Getting started on a writing project, according to my anecdotal research, is the hardest step to take.

How do we get all the pieces to the writing jigsaw puzzle to coalesce into a masterpiece?

There are almost as many techniques as there are writers, but there are a few main approaches that center around how best to organize the material.

Knowing the purpose and audience makes organizing things much easier, but we still have to take that first step, write that first sentence.

There seem to be two camps of action: the “seat of my pants” scribes and the uber organization writers.

Just Write

Some people have to get the words out of their heads. For them, just plunging in is the best method to start.  Don’t worry about mistakes, transitions, or even clumping information logically.

This reminds me of when I took swimming lessons as a child. There was no slow progress into the cold pool. We just jumped in, making sure to get our heads underwater. After the initial shock, our bodies were accustomed to the temperature, and it was easier to concentrate on swimming.

This method requires vigorous revision, though. The writer must go back and clean up the content to make sure the reader can follow. (Most effective writing is not Finnegan’s Wake.)

Organize, Organize, Organize

Some writers are compelled to have everything laid out nice and neat before they type a single word.

This always reminds me of going on vacation with Clipboard People. They always have every minute scheduled and no time for just lounging around or winging it for an adventure.

While this approach can save a lot of time in revision, the danger is spending so much time organizing that you never get started.

Take a Pinch of This, a Pinch of That

I find the best approach to be a hybrid. Have a basic idea of where to place the pieces, then dive in.

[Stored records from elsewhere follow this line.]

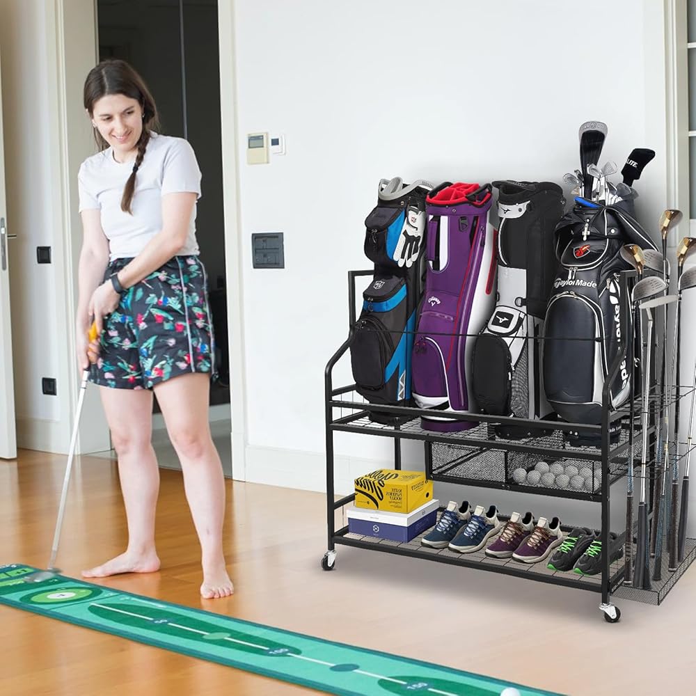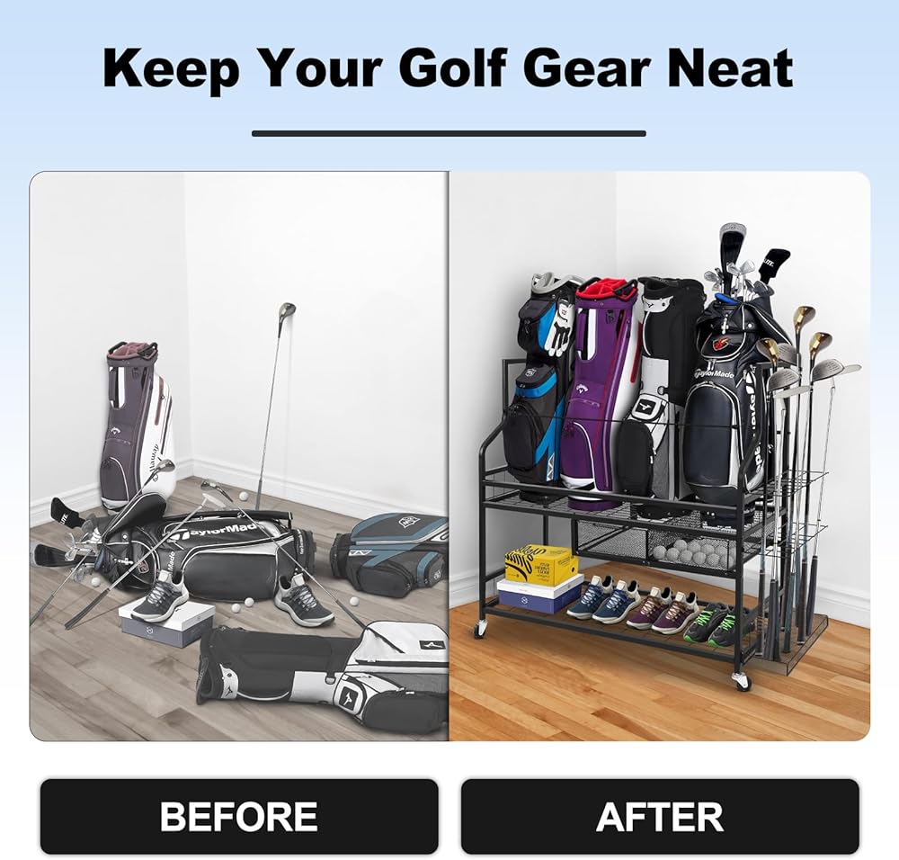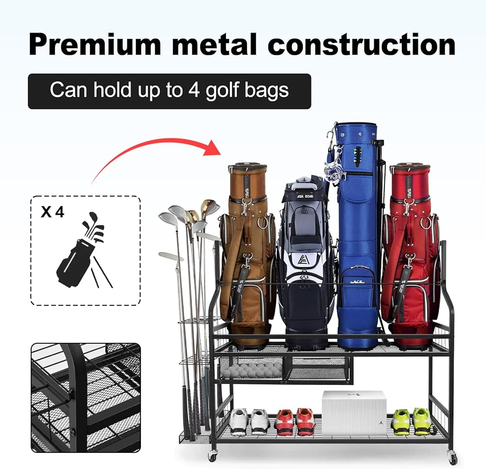 【مساحة تخزين كبيرة للجولف】مصممة لاستيعاب ما يصل إلى 4 حقائب جولف، إلى جانب الكرات والأحذية والإكسسوارات، مما يضمن تخزين جميع أساسيات الجولف الخاصة بك بشكل أنيق في مكان واحد مناسب.
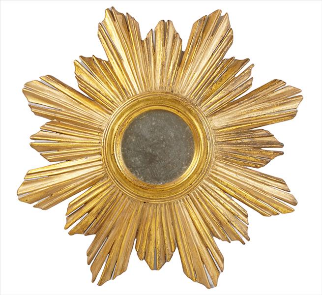 Espelho sol com moldura de madeira dourada e recortada. Diam. 31cm (total c/ moldura). Brasil, meados séc. XX
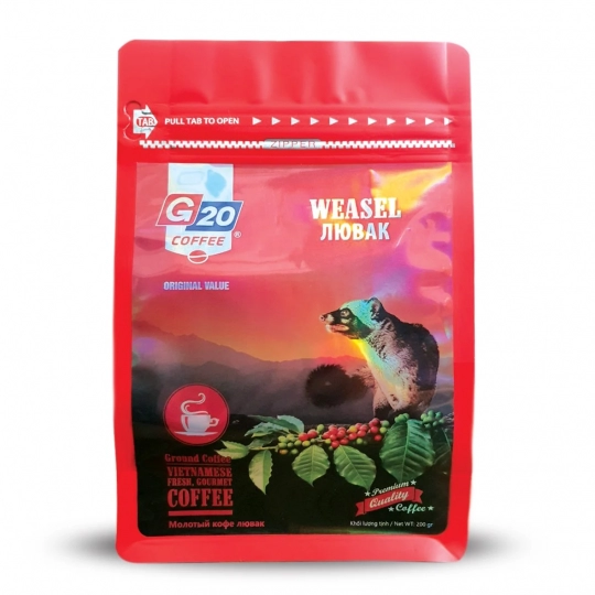 Cà phê phin chồn đỏ G20 Coffee được sản xuất tại Việt Nam trên dây chuyền công nghệ hiện đại, đảm bảo an toàn cho sức khỏe. Kết hợp cùng công thức chế biến riêng biệt, cho ra sản phẩm đạt chất lượng cao.
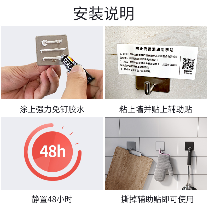 家用强力免打孔挂钩,卫生间厨房挂钩,优质太空铝挂钩钩可移动,间距随你定,灵活便捷,高低双沟,双倍利用,强力黏胶,超强承重,淋水也不怕!!【生锈包退~掉落包退~】

I have a friend who will sit and stare out into space for a while, then start writing. She organizes the material in her head before she composes anything.

Many experienced writers will do this. They look like they’re goofing off, but they are processing things. Even jotting down a few phrases in a rough outline helps give a writer a path to follow.

Whichever approach you take, never forget that you need to take the time to revise. There is no “first time is always right” shortcut in writing.

Finding the most comfortable method to begin makes a writer’s life so much easier.